(RAW DATA)

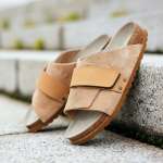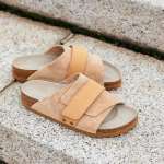 最大の特徴は、日本の着物の襟合わせに着想を得て、帯に見立てた面ファスナーのベルト。「キョウト」という名前の由来がここにあります。着物を帯で締めるようにフィット感が自由に調整できるため、スライドサンダルの弱点であるホールド感も見事にクリア。見た目だけでなく機能性も備えた良ディテールとなっています。
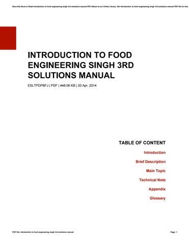 Read Online introduction to food engineering solutions manual Doc online is a convenient and frugal way to read introduction to food engineering solutions manual you love right from the comfort of your own home. Yes, there sites where you can get Doc "for free" but the ones listed below are clean from viruses and completely legal to use.
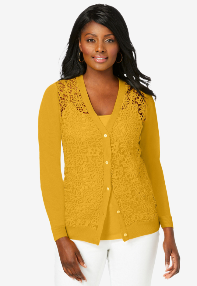 Схем, к сожалению, нет. Все взято с известного зарубежного сайта. Стало очень интересно: а какой трикотаж предлагается "там" для женщин с шикарными размерами? Как решается вопрос "спрятать проблемные зоны"? Какие фасоны и приемы в тренде? Смотрим. Это комплект: топ и кардиган. Написано, что полочки кардигана выполнены крючком. Все же больше похоже на машинное вязание. Но как идея, очень даже красиво, полочки можно связать в технике ирландского кружева. Легкая летняя кофточка. Подобрана в тон к платью. Красивые ромбовидные ажурные узоры, короткий рукав, укороченная длина, изящные маленькие пуговки застежки - легкость сквозит во всей кофточке. Из большого - только размер. Кружевной кардиган из мотивов. Крупными цветочными мотивами связана только полочка. Спинка кардигана выполнена красивой и простой сетчатой вязкой. Большие ракушки украшают закругленные края полочек кардигана и низ коротких цельновязанных рукавов. Пуловер с открытыми плечами. Спицами выполнен красивый узор "елочка". Ни

(EXERCISE AIM)
Say again, word for word, the lines beginning at the top of the data and ending with the line that has "Read Online introduction". Skip the pictures.

(SOLUTION TO THIS PROBLEM)
 最大の特徴は、日本の着物の襟合わせに着想を得て、帯に見立てた面ファスナーのベルト。「キョウト」という名前の由来がここにあります。着物を帯で締めるようにフィット感が自由に調整できるため、スライドサンダルの弱点であるホールド感も見事にクリア。見た目だけでなく機能性も備えた良ディテールとなっています。
 Read Online introduction to food engineering solutions manual Doc online is a convenient and frugal way to read introduction to food engineering solutions manual you love right from the comfort of your own home. Yes, there sites where you can get Doc "for free" but the ones listed below are clean from viruses and completely legal to use.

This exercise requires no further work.